WORK TO BE COMPLETED: After the line containing "This pre-owned Gucci", copy nothing more; up to and including it, copy every line of the listing exactly from the first, leaving out the pictures.

SUPPLIED ENTRIES:
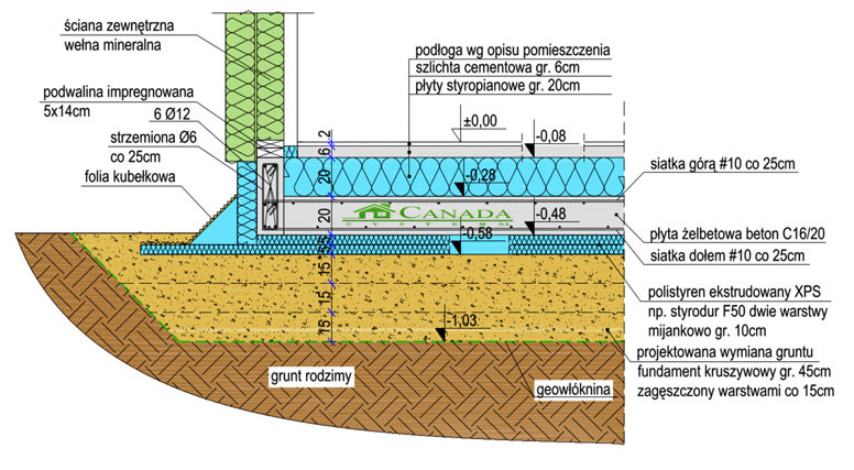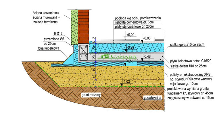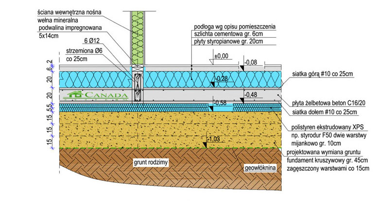 SCHEMAT PŁYTY FUNDAMENTOWEJ W DOMU SZKIELETOWYM U=0,08 W/m2K
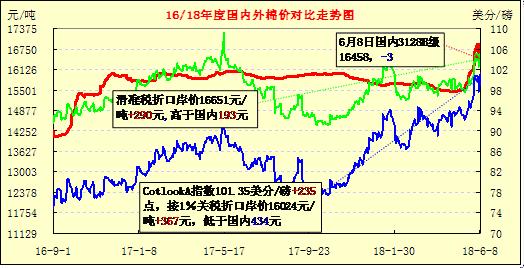 6月8日棉价内稳外续涨,价差接轨。受郑棉期货调整影响,国内现货报价企稳,标准级棉价报16458元/吨,与前一交易日持平;受7日纽约期棉大幅反弹影响,国际棉价继续暴涨,国际A指数报101.35美分/磅,涨235点,涨幅2.4%,滑准税折口岸价16651元,1%税率折口岸价16024元/吨,分别较昨日涨290和367元,涨幅分别为1.8%和2.3%。外涨内稳,内外价大致持平,其中1%税率折口岸价仅低于国际棉价434元/吨,滑准税折口岸价反高于国际棉价193元/吨。
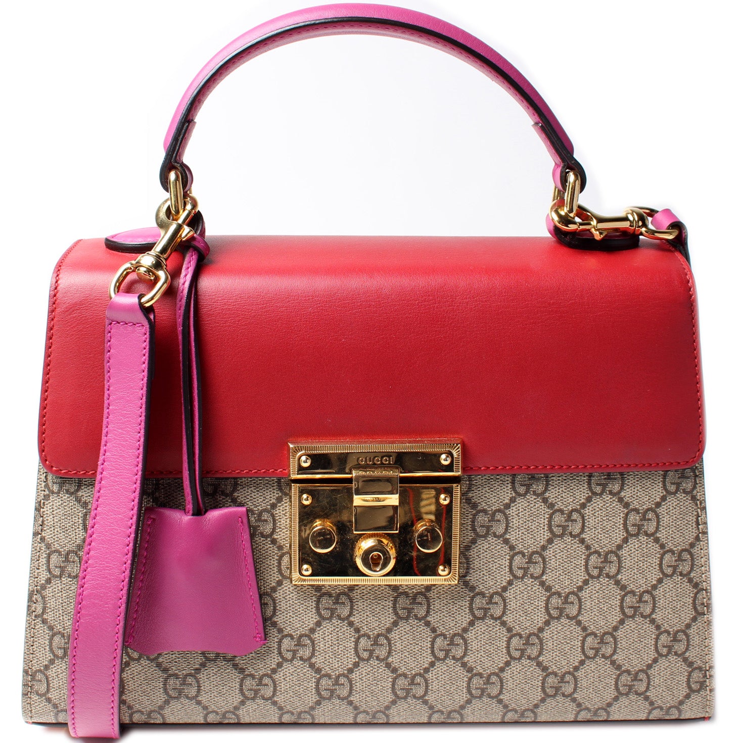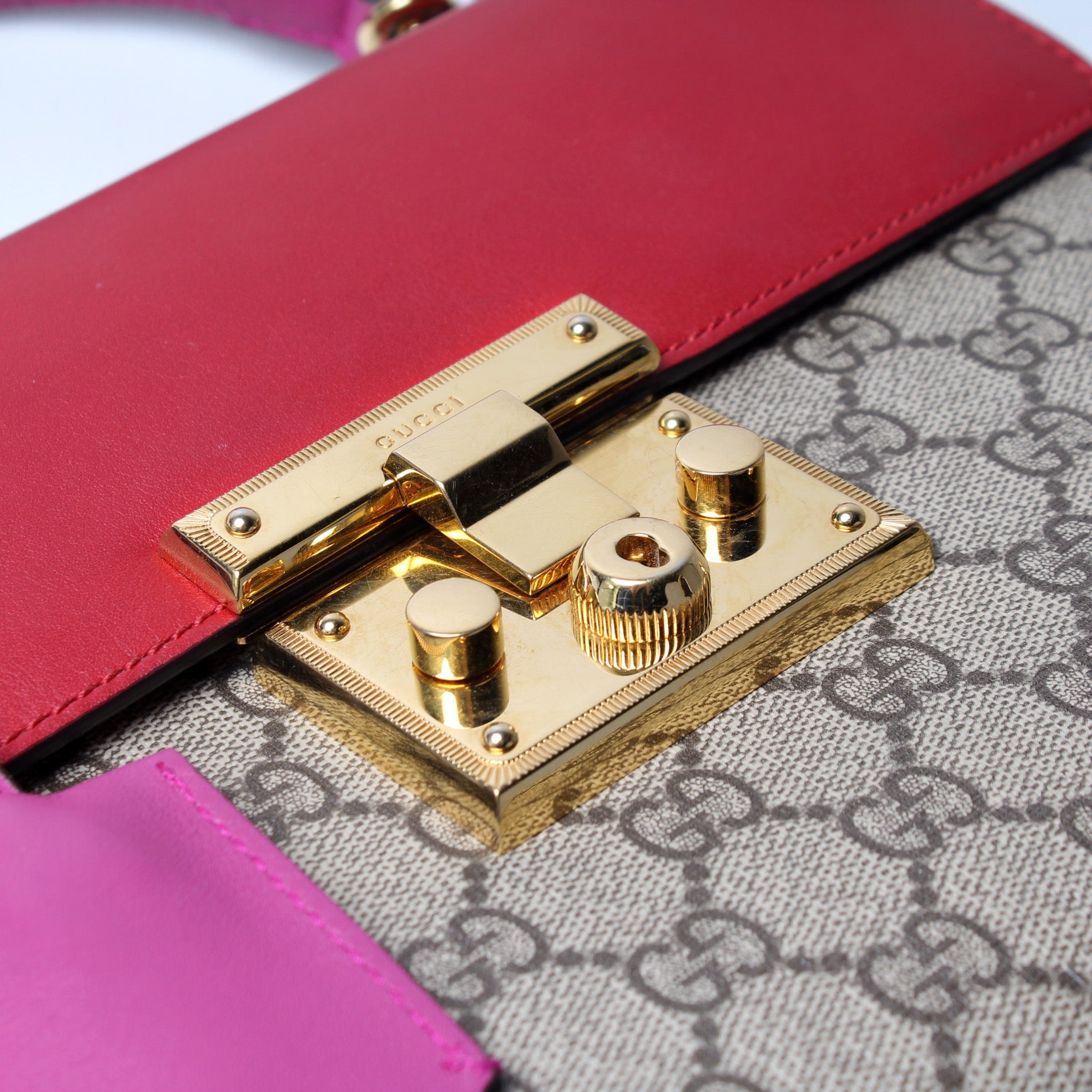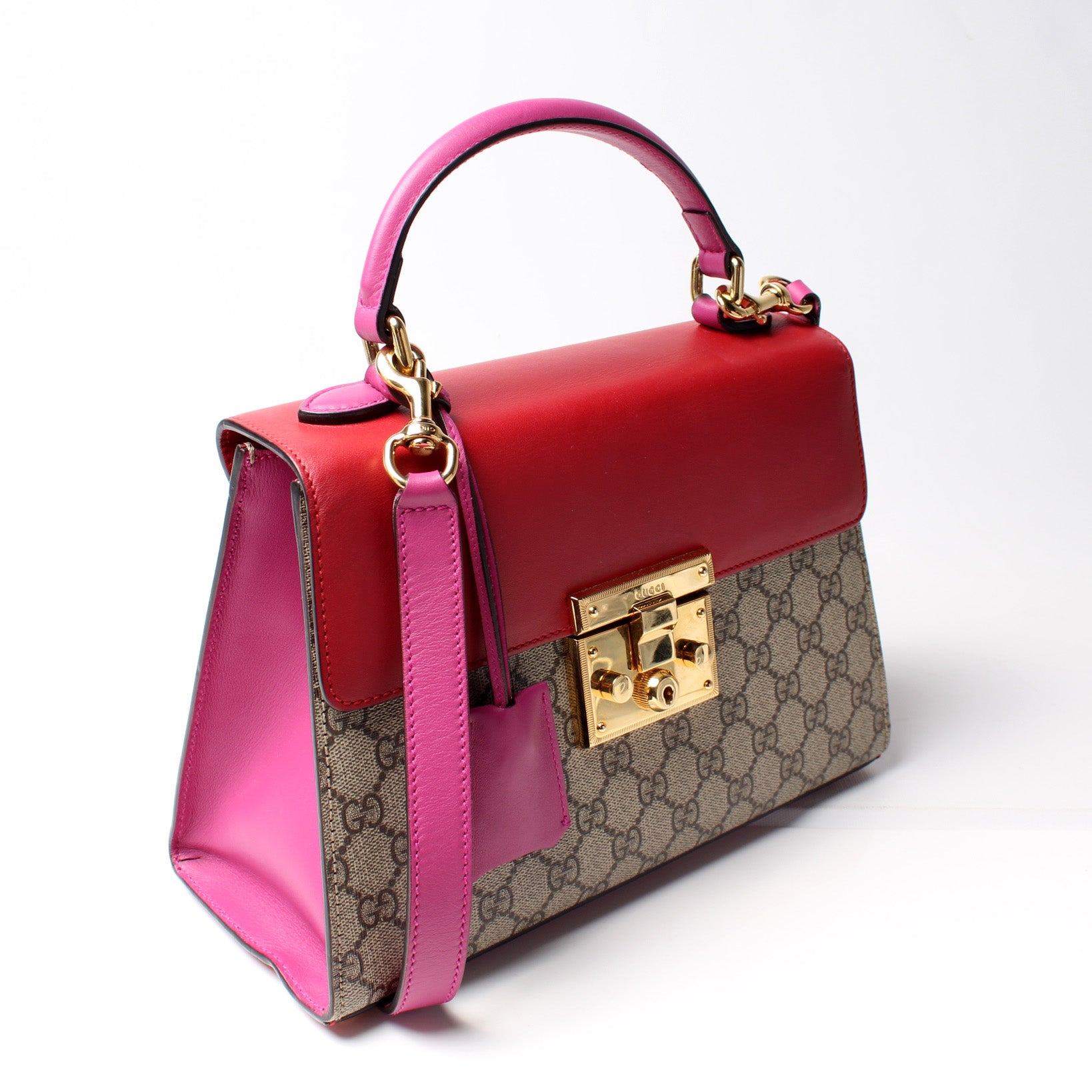 This pre-owned Gucci Padlock Leather Top Handle Small is guaranteed 100% authentic. The exterior is in the classic GG Supreme coated canvas.
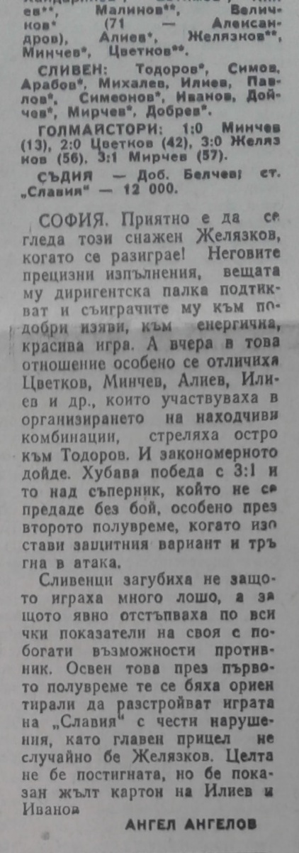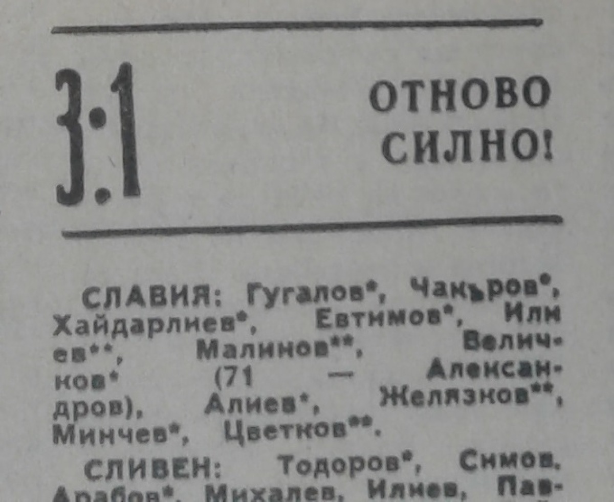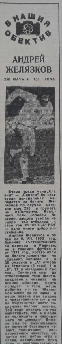 Андрей Желязков (Славия) провёл свой 250-й матч в А РФГ. Цонко Симеонов (Сливен) провёл свой 100-й матч в А РФГ.
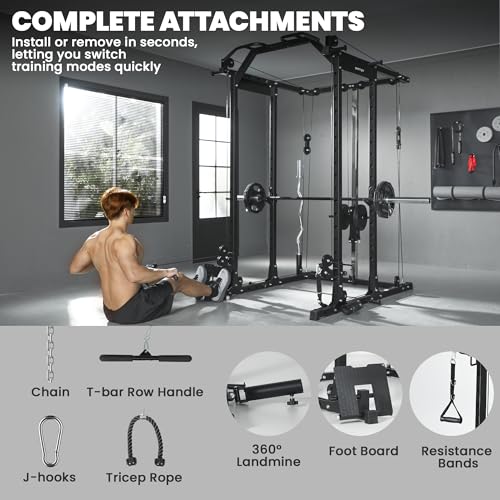 Complete attachments: Comes with two resistance bands, a triceps rope, a chain, a T-bar row handle, two J-hooks, a 360° landmine and a footboard. All accessories attach and detach with ease, maximising your cable machine’s functionality.
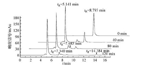 為研究UVA/H2O2/KI體系對(duì)磺胺嘧啶的降解情況,考察初始濃度為0.04 mmol·L-1的磺胺嘧啶溶液,在pH=3.2,H2O2、KI添加濃度分別為120.0、2.4 mmol·L-1條件下,UVA紫外輻射下磺胺嘧啶的HPLC譜圖變化,結(jié)果如圖 12所示.由圖 12可以看出,實(shí)驗(yàn)條件下,磺胺嘧啶的保留時(shí)間tR=8.793 min,隨著反應(yīng)的進(jìn)行,其峰面積不斷減小,說(shuō)明磺胺嘧啶得到了有效降解.體系中由于H2O2的加入,保留時(shí)間tR=5.141 min的物質(zhì)產(chǎn)生,且在反應(yīng)過(guò)程中其峰值幾乎保持不變.磺胺嘧啶降解過(guò)程中主要產(chǎn)生了3種中間產(chǎn)物,對(duì)應(yīng)保留時(shí)間依次為7.340、7.683和14.384 min. 在此色譜條件下,磺胺標(biāo)準(zhǔn)樣品的保留時(shí)間tR=7.447 min,與7.340 min非常接近,因此,推斷磺胺為UVA/H2O2/KI體系降解磺胺嘧啶的產(chǎn)物之一,具體磺胺嘧啶的降解路徑有待進(jìn)一步研究.

EXERCISE RESULT:
 SCHEMAT PŁYTY FUNDAMENTOWEJ W DOMU SZKIELETOWYM U=0,08 W/m2K
 6月8日棉价内稳外续涨,价差接轨。受郑棉期货调整影响,国内现货报价企稳,标准级棉价报16458元/吨,与前一交易日持平;受7日纽约期棉大幅反弹影响,国际棉价继续暴涨,国际A指数报101.35美分/磅,涨235点,涨幅2.4%,滑准税折口岸价16651元,1%税率折口岸价16024元/吨,分别较昨日涨290和367元,涨幅分别为1.8%和2.3%。外涨内稳,内外价大致持平,其中1%税率折口岸价仅低于国际棉价434元/吨,滑准税折口岸价反高于国际棉价193元/吨。
 This pre-owned Gucci Padlock Leather Top Handle Small is guaranteed 100% authentic. The exterior is in the classic GG Supreme coated canvas.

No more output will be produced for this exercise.